Rutgers prof: Get rid of elections. Choose leaders by lottery
Becoming the next lawmaker for New Jersey, or the next member of your local Town Council, could work the same way as getting picked for jury duty, under a new form of government proposed by a philosopher at Rutgers.
The "lottocracy" model from Alexander Guerrero, an associate professor of philosophy at Rutgers University-New Brunswick, gets rid of elections altogether and gives the power of political decisions to adult citizens chosen at random.
This way, he says, America can do away with the current system of false campaign promises, wealthy special interests, and the sense of "winning or losing" when one political party defeats the other.
"Also it would get people from all walks of life," Guerrero told New Jersey 101.5. "It wouldn't be just rich lawyers and bankers and people who went to Harvard Law. It would be all kinds of people — nurses and schoolteachers and veterans and police officers."
Guerrero lays out his plan in a free online course, several articles and a forthcoming book.

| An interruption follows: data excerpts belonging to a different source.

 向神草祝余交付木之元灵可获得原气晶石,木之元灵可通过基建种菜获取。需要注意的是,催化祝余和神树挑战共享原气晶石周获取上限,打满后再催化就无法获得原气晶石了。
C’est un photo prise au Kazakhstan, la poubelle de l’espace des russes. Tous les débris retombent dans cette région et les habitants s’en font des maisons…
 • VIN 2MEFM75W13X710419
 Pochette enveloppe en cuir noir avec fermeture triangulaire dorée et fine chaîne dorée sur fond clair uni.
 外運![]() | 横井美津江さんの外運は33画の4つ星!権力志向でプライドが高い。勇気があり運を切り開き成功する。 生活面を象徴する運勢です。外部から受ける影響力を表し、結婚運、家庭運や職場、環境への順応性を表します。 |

Similar to the mechanisms used for jury selection, adults aged 18 and up would be randomly selected to serve a three-year term. Selected citizens would not be required to serve, but the promise of a convenient schedule and significant salary could incentivize them to take the oath.
Guerrero said his model could be applied to all levels of government. On the federal level, he said, Congress would be replaced with several single-issue legislatures; people can focus on, and have a passion for, one topic only during their term.

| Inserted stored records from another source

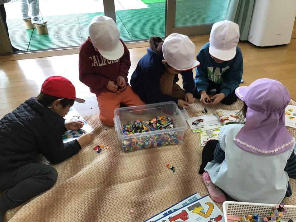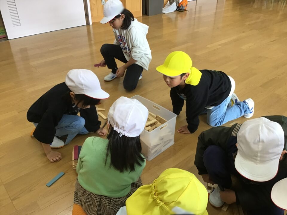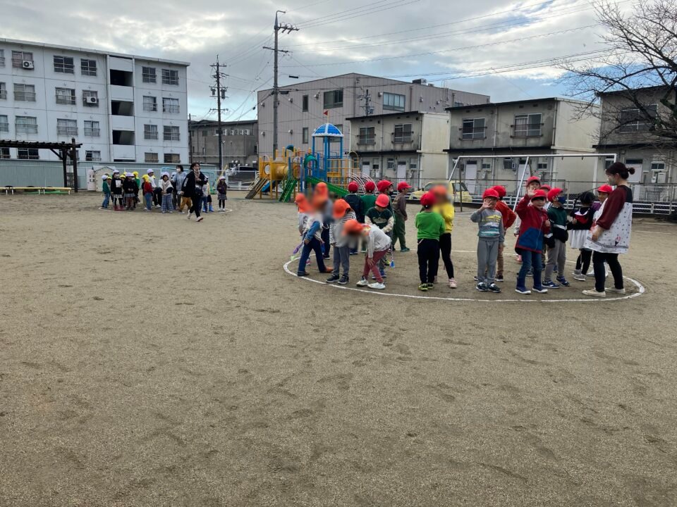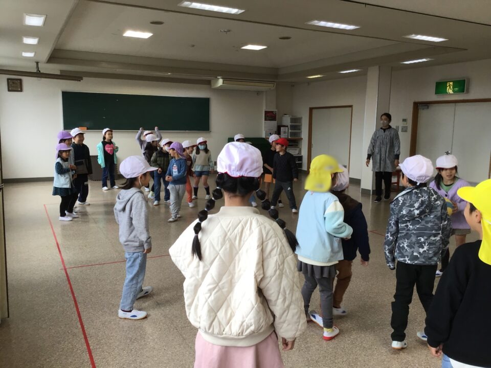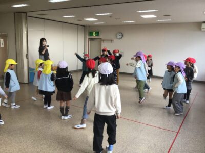 今日は、1年生の子たちが近隣の保育園と幼稚園の年長さんと交流をしました。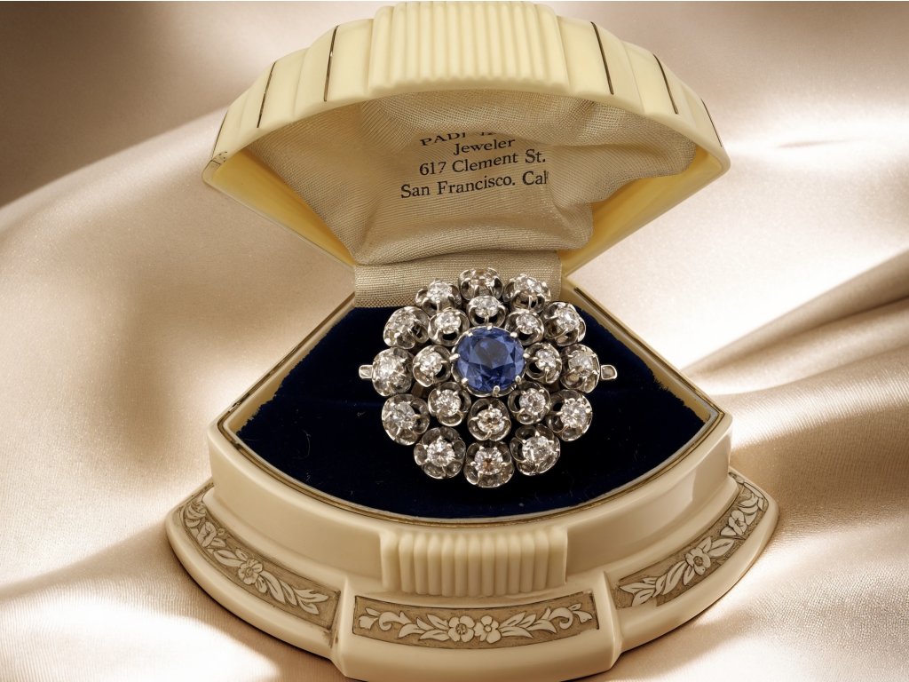 Starožitný Prsten s Cejlonským Safírem a Diamanty No heat Safír z Cejlonu 3ct. a Diamanty 2,65ct. G-J/VS-SI2
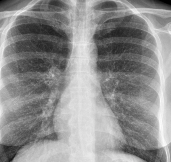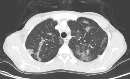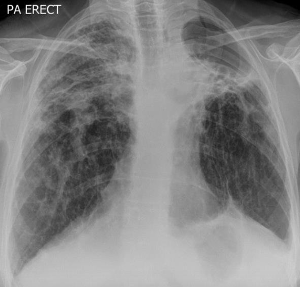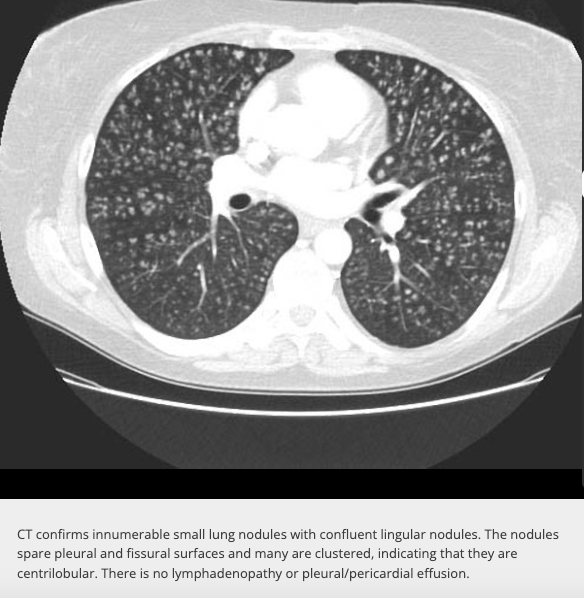Miliary upper lobe nodules - think inhalational coal workers pneumoconiosis or silicosis
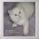 Beautiful Siberian Kitten, white-golden with light blue eyes on lavender carpet; photo by Nikki Wharton-Eby, with poetic caption by Nikki. Would be lovely in any room, especially a child's playroom or bedroom.

Guerrero said there are many everyday citizens who believe they could make a difference today if they were involved in the political process, but it requires overwhelming resources, time and money — sometimes millions, depending on the race — to secure a victory.
"This is kind of an out-there idea, I acknowledge that," Guerrero said. "But randomly chosen citizens have played a role in politics."
To reform election law, Canada and the Netherlands used assemblies of citizens chosen at random. Iceland and Ireland did the same to help with the process of constitutional reform.
Guerrero said he's in no way advising residents to avoid participating in today's version of democracy.
"I think everybody should vote given the system that we have; we want to choose the best people we can," he said.